**Exercise objective:**
Pictures aside, repeat the listing below exactly.
==== Stored data ====
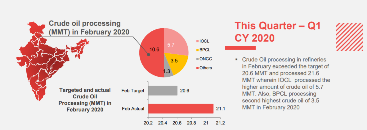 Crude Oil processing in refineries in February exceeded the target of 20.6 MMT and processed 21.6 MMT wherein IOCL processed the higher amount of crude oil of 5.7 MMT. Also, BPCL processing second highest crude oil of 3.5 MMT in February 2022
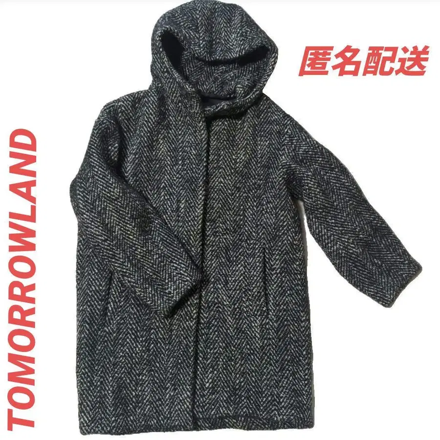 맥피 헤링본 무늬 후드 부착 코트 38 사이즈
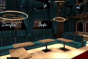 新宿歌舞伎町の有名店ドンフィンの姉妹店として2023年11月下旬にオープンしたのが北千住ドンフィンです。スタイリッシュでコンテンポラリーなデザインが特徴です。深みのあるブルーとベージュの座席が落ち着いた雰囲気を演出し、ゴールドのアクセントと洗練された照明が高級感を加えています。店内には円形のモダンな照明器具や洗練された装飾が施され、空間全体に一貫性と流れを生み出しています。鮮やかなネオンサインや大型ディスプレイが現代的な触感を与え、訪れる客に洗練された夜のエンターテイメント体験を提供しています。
====
**Solution to this exercise:**
 Crude Oil processing in refineries in February exceeded the target of 20.6 MMT and processed 21.6 MMT wherein IOCL processed the higher amount of crude oil of 5.7 MMT. Also, BPCL processing second highest crude oil of 3.5 MMT in February 2022
 맥피 헤링본 무늬 후드 부착 코트 38 사이즈
 新宿歌舞伎町の有名店ドンフィンの姉妹店として2023年11月下旬にオープンしたのが北千住ドンフィンです。スタイリッシュでコンテンポラリーなデザインが特徴です。深みのあるブルーとベージュの座席が落ち着いた雰囲気を演出し、ゴールドのアクセントと洗練された照明が高級感を加えています。店内には円形のモダンな照明器具や洗練された装飾が施され、空間全体に一貫性と流れを生み出しています。鮮やかなネオンサインや大型ディスプレイが現代的な触感を与え、訪れる客に洗練された夜のエンターテイメント体験を提供しています。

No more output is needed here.